About this task = Below are some entries. Copy each line in them that holds "American".

Provided records =
---------------
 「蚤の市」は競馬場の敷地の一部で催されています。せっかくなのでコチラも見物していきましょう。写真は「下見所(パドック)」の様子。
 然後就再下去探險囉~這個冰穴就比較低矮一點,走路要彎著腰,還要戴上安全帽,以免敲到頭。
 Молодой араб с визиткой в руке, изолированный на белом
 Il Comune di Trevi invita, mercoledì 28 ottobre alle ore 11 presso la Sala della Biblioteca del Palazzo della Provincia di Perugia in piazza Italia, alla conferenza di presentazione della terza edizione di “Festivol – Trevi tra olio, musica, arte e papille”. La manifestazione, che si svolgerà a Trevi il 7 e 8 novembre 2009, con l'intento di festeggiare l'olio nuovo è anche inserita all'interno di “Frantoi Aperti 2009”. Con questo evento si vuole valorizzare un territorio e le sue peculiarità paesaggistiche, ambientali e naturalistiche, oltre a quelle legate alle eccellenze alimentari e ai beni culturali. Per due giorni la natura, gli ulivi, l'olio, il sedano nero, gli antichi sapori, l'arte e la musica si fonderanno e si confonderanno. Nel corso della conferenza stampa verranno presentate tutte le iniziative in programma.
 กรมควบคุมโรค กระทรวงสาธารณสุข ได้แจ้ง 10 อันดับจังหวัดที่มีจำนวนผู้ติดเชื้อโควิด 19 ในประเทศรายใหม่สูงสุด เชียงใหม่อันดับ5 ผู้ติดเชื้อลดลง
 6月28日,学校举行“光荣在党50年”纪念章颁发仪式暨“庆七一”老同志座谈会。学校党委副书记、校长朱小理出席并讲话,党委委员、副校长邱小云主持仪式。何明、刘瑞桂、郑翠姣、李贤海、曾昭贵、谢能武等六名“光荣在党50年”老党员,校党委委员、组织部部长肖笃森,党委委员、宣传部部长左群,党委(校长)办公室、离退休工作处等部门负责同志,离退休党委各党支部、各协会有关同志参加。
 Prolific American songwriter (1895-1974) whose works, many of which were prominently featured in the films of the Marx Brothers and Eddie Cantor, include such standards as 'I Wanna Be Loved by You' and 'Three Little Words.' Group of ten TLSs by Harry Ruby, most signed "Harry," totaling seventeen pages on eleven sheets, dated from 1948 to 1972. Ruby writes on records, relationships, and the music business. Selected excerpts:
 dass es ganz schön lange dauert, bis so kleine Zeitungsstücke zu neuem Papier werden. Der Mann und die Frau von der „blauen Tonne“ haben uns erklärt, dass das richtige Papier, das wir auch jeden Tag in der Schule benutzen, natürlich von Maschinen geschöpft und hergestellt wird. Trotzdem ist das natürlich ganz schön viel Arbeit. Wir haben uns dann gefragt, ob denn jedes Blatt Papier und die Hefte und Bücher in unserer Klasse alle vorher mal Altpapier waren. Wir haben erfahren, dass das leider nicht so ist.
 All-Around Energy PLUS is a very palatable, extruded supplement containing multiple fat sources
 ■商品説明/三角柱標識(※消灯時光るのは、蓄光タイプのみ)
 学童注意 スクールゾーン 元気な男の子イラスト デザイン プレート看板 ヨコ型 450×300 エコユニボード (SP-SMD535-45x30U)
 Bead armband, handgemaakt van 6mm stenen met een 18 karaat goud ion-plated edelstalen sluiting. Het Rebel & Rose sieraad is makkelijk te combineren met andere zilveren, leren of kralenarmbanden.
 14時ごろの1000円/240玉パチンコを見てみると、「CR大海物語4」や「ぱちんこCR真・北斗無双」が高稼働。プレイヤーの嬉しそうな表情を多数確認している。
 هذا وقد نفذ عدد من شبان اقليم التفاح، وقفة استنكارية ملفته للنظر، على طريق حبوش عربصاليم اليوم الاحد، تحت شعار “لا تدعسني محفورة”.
---------------
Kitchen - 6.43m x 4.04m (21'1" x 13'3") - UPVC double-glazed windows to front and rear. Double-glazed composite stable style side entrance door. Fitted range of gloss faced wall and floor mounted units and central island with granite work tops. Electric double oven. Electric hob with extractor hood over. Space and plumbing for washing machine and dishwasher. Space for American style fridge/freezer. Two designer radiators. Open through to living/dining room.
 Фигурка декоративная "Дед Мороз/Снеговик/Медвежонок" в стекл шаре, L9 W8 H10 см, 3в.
---------------
Solved problem =
 Prolific American songwriter (1895-1974) whose works, many of which were prominently featured in the films of the Marx Brothers and Eddie Cantor, include such standards as 'I Wanna Be Loved by You' and 'Three Little Words.' Group of ten TLSs by Harry Ruby, most signed "Harry," totaling seventeen pages on eleven sheets, dated from 1948 to 1972. Ruby writes on records, relationships, and the music business. Selected excerpts:
Kitchen - 6.43m x 4.04m (21'1" x 13'3") - UPVC double-glazed windows to front and rear. Double-glazed composite stable style side entrance door. Fitted range of gloss faced wall and floor mounted units and central island with granite work tops. Electric double oven. Electric hob with extractor hood over. Space and plumbing for washing machine and dishwasher. Space for American style fridge/freezer. Two designer radiators. Open through to living/dining room.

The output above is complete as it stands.